Updated: Dec 16, 2020


An old boyfriend once told me that I reminded him of a fly on a string, zipping in upward directions with boundless optimism, while he was more zen than zag, tethering the other end to the solid foundation of earth. This is not the reason he’s an old boyfriend, and to his credit, the analogy was prescient without the tragic trajectory.


I have known two things from a very young age: that I rarely stop moving, and that life is meant to be lived looking up. I met my match one summer afternoon almost twenty years ago in a phone interview with Michela O’Connor Abrams – she barrelling across the Golden Gate Bridge with a four-year-old in the back and I tucked away in a quiet house with my new husband in a little town outside of Toronto.


In the twenty years since, Michela and I have developed a connection unlike any I have known.

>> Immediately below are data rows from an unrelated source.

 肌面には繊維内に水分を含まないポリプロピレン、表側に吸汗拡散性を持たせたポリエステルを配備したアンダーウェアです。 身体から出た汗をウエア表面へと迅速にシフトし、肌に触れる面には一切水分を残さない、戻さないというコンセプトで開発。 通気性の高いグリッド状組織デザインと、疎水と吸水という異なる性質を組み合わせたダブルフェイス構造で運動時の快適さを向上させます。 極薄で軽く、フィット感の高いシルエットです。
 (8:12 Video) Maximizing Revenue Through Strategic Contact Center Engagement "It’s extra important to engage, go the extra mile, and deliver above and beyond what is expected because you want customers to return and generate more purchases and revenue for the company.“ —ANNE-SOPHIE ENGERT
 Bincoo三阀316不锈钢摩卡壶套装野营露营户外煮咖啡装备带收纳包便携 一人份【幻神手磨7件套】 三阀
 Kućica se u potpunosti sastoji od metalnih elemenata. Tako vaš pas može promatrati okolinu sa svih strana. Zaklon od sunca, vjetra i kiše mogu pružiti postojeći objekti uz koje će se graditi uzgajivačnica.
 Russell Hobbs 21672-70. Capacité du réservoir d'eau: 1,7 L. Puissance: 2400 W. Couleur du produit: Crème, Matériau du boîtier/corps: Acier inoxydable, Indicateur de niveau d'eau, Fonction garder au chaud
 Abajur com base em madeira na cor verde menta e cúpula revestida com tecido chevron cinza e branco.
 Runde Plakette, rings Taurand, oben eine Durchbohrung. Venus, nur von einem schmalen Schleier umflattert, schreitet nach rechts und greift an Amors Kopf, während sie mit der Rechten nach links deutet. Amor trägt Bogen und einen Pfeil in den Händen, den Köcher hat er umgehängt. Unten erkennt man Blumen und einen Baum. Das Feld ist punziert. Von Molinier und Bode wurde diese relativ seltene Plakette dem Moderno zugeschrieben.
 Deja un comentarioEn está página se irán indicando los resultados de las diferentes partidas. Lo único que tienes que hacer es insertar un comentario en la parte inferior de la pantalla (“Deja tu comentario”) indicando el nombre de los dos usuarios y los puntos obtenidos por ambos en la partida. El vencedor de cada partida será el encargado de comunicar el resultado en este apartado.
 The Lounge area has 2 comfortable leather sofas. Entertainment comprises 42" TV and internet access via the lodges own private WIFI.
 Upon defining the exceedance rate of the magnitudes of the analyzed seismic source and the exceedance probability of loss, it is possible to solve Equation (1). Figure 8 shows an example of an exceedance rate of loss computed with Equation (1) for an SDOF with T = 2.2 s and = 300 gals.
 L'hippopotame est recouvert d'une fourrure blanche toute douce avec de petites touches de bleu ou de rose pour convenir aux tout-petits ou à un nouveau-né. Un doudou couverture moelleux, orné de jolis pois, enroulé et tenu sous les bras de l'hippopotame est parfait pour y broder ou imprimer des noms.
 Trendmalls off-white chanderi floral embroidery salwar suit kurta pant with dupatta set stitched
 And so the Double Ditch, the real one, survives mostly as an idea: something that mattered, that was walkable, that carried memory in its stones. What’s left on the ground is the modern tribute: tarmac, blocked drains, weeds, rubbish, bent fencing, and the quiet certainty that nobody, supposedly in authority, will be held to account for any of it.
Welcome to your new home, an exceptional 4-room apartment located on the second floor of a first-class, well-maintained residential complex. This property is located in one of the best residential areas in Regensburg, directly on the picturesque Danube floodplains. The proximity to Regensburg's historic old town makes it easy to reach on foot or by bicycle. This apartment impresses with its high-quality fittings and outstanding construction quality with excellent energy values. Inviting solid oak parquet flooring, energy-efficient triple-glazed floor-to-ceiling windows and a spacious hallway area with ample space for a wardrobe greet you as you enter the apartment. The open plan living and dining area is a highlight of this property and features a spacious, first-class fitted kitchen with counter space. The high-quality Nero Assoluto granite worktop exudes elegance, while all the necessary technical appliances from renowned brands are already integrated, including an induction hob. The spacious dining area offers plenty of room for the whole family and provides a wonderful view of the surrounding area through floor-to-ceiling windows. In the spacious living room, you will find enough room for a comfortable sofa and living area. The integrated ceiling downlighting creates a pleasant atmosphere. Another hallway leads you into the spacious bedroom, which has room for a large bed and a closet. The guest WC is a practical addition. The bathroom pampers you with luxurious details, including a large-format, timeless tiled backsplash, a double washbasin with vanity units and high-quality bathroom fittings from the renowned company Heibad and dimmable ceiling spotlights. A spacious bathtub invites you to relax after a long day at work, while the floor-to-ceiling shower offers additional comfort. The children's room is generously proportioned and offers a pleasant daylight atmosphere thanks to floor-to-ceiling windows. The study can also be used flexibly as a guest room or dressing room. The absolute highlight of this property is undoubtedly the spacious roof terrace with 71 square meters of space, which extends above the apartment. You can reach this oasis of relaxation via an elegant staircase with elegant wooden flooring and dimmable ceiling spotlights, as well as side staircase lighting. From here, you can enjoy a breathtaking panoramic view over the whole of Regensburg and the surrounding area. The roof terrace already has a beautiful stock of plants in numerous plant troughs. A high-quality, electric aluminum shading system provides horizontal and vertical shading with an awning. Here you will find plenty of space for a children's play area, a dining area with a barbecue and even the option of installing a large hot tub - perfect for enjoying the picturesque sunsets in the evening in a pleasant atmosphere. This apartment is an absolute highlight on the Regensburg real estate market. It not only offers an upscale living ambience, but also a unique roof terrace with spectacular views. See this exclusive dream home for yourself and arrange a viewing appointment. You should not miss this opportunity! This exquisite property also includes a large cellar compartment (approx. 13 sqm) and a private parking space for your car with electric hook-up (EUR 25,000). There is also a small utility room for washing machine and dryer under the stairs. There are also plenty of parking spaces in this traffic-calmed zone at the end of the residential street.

We work together with an innate rhythm that can’t be manufactured, the mutual respect and support having evolved into a fiercely loyal, lucid, and true friendship, leading to some of the deepest laughs, greatest self-discoveries and most important decisions of my life.


This is one of them.


I have decided to start a new chapter. These past months have proven to be a mercurial incubator, delivering debilitating moments of fear, division and uncertainty in the same swallow as great swings of optimism for a better, more deeply connected world. It has offered me the unexpected opportunity to sit quietly, to listen, and to embrace uncertainty.